**** DATA TO USE ****

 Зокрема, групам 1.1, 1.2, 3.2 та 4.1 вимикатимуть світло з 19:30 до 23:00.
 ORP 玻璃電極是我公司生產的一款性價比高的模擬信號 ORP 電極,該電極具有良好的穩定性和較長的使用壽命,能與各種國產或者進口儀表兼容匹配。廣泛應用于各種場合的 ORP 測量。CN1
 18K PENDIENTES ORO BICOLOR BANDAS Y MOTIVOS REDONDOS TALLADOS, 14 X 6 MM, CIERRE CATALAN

****
**** DATA TO USE ****

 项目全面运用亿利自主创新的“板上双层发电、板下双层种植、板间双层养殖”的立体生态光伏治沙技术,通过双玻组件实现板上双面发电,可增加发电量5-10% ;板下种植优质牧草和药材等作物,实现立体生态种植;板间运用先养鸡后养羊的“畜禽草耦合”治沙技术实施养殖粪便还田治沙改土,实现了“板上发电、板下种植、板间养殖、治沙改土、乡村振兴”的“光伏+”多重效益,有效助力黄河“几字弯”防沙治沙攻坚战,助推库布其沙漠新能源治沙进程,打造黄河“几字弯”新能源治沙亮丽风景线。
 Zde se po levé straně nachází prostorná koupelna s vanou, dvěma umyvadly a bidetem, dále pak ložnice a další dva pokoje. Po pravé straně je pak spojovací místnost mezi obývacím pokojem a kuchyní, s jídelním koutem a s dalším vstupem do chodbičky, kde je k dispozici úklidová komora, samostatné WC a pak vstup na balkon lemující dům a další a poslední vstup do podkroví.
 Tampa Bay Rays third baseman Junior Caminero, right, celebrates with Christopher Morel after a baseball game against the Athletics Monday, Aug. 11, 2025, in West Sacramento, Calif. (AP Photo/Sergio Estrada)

****

_TASK BRIEF_. Proceeding from the line containing "ORP 玻璃電極是我公司生產的一款性價比高的模擬信號 ORP" through the line containing "18K PENDIENTES ORO", transcribe the lines above exactly, both end lines included.

_SOLUTION FOR THIS EXERCISE_.
 ORP 玻璃電極是我公司生產的一款性價比高的模擬信號 ORP 電極,該電極具有良好的穩定性和較長的使用壽命,能與各種國產或者進口儀表兼容匹配。廣泛應用于各種場合的 ORP 測量。CN1
 18K PENDIENTES ORO BICOLOR BANDAS Y MOTIVOS REDONDOS TALLADOS, 14 X 6 MM, CIERRE CATALAN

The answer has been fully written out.